Using the pre-trained CNN backbones as a pure transfer learning method, without the need for training on the target domain dataset, will make the outcome prediction pipeline highly portable, without need of high-end computational resources like GPUs. This helps the proposed methods be more generalizeable from limited training data and thus applicable in the clinic, using limited computational resources or embedded/edge devices. In any case, we plan to also study fine-tuning of the CNN backbones before feature extraction to evaluate the effect of domain adaptation on the target dataset on the task of outcome prediction.
Despite the promising results in our study, certain limitations exist that need to be addressed in future work: First, to better assess the generalizability of our proposed method, our experiments could benefit from an investigation of an external validation set. Secondly, given our inability to have access to the MICCAI HECKTOR challenge’s test set, we were unable to undertake a more extensive assessment against the baseline and all other competing approaches. This limits our ability to explicitly demonstrate the superiority of our suggested strategy over other solutions to the problem. Finally, while our deep learning-based feature extraction method has shown to be predictive, it still lacks explainability. Understanding the clinical or biological interpretation of these traits remains a challenge. Future research should be conducted on establishing tools for explainable AI and to confirm their importance in the context of head and neck cancer prognosis. Addressing these limitations in future investigations can help pave the way to clinical deployment of our proposed segmentation-free strategy.
5. Conclusions
We successfully developed an easy-to-perform segmentation-free outcome prediction method, specifically for predicting progression-free survival of head and neck cancer patients from their FDG PET-CT image volumes. We found that by using multiple rotation maximum-intensity projections of the PET images, and focusing the anatomical head and neck region guided by CT scan images of the patients, outcome prediction is not only feasible, but is also able to outperform conventional methods, without the need of manual segmentation of the primary tumors or the involved/metastatic lymph nodes by the expert nuclear medicine physicians.

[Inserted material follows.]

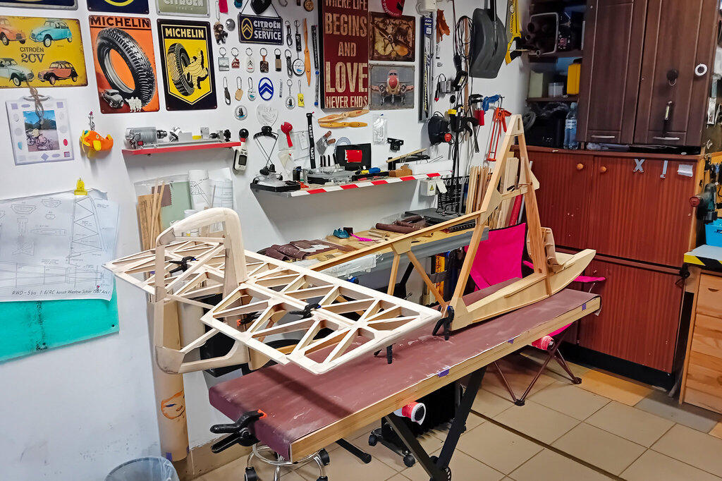 sp2jbs Opublikowano 28 Stycznia 2018 Opublikowano 28 Stycznia 2018 Witam Siedząc w domu w niedzielne popołudnie myśli nie dały co i jak mam rozmieścić w kadłubie.W modelarni zrobiłem bałagan co powinno znaleźć się w środku?. To jak by było sterowanie naciągami, a jak by tak przenieść serwa statecznik wysokości wagę serw wiem jest istotna ŚC wywarze odważnikami .Po zbędne się naciągów za każdym razem ustawianie na lotnisku czas ładnie to wygląda mało praktyczne. Mam model Se5a znam potrzebny czas. Amortyzatory szukam podobne ale na stronach z samochodami nie podają wymiarów i do jakiej wagi a może ja nie tak szukam. Poniedziałek mam zamiar rozrysować wręgi do kadłuba zrobić dostępny do elektroniki. Poproszę o wypowiedzi czy mam dobry kierunek modyfikacji modelu. Pozdrawiam Marian

Our proposed approach produced promising results; the top-performing configuration employed global average pooling, channel-wise maximum feature fusion method, and EfficientNet Large as the deep feature extractor, yielding a mean concordance index (c-index) of 0.719 ± 0.032 over five test folds. On the HECKTOR 2022 challenge dataset, our proposed approach performed better than the previous best performing method in the literature, with a mean c-index of 0.688. Additionally, the proposed segmentation-free method proved to be robust in a variety of configurations, employing several feature extractors, poolings, and feature fusion combinations that produced c-index values greater than 0.70.
The performance of our segmentation-free framework suggests higher reproducibility, by removing the subjectivity involved in the manual tumor delineation process, while simultaneously increasing the efficiency of the outcome prediction process. This approach has the potential to lead to better treatment planning and patient care by streamlining clinical procedures and providing more reliable prognostic information for patients with head and neck cancer.